Teaching the Art of Self-Regulation
Self-regulation is being able to regulate one's own thoughts, feelings, and behaviors in the face of a normal occurrence. Part of controlling your impulses is maintaining your feelings and focusing attention.
🎯 What Does Self-Regulation Look Like?
Self-regulation is not suppressing emotions; it is being aware of what affects your emotional state and choosing a suitable reaction.
Pause Before Reacting
Instruct students to pause, reflect, and choose words instead of actions when they're faced with anger. This displays impulse control and is an effective tool to help build self-regulation skills.
Breathing Techniques
A student should incorporate the use of deep breathing exercises to manage anxiety, especially before difficult tasks such as a test. Intentional breathing techniques help soothe the nervous system and can combat the body's response to stress.
Asking for a Break
A great coping skill is noticing discomfort and asking for a break before feelings become too overwhelming. This indicates emotional and self-awareness, which are the primary foundation of emotional control.
🏥 Three Ways Teachers Can Model & Encourage Self-Regulation
Children learn self-regulation best when they see it practiced by the adults around them.
Think-Alouds
Teachers help students learn to verbalize their own process of regulating their emotions out loud, using a modeling technique in real time.
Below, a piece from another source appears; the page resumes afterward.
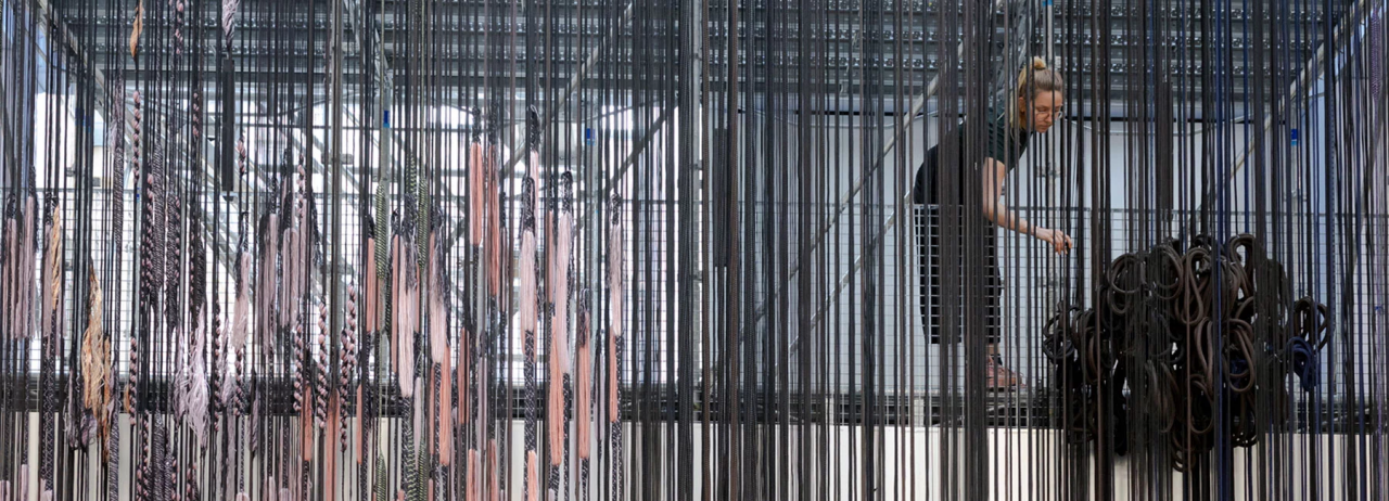 ‘interlace’ exposes the viewing public to the textile production process in order to create awareness, revaluation and appreciation for textiles. it shows what consumers don’t often see: the research and experimentation, the tools and materials, the trial and error that are as important as the result itself. throughout the three months of the exhibition, the public will be able to see new textile pieces being woven in the gallery space. on september 6th, 2019 a symposium is to be held at the foundation which will discuss weaving techniques and technologies as well as the social implications of modern textile production.

"I'm feeling frustrated right now because every time I go to write on the whiteboard, there are no dry erase markers. I'm going to take a few deep breaths before I respond, and then I'll try another solution."
Calm-Down Corners
Design a specific classroom area with sensory items, cool-down tips, and emotion cards where students can go to regain self-control. This is not a punishment or free time, but a strategy to help them self-regulate.
What to include:
Structured Transitions & Predictability
Maintaining consistent schedules and routines can decrease the effects of anxiety and assist students with regulating their emotions. Students benefit from knowing what to expect, and it helps them remain calm and engaged. For students who may have experienced trauma or an unstable home environment, routines and predictability are vital.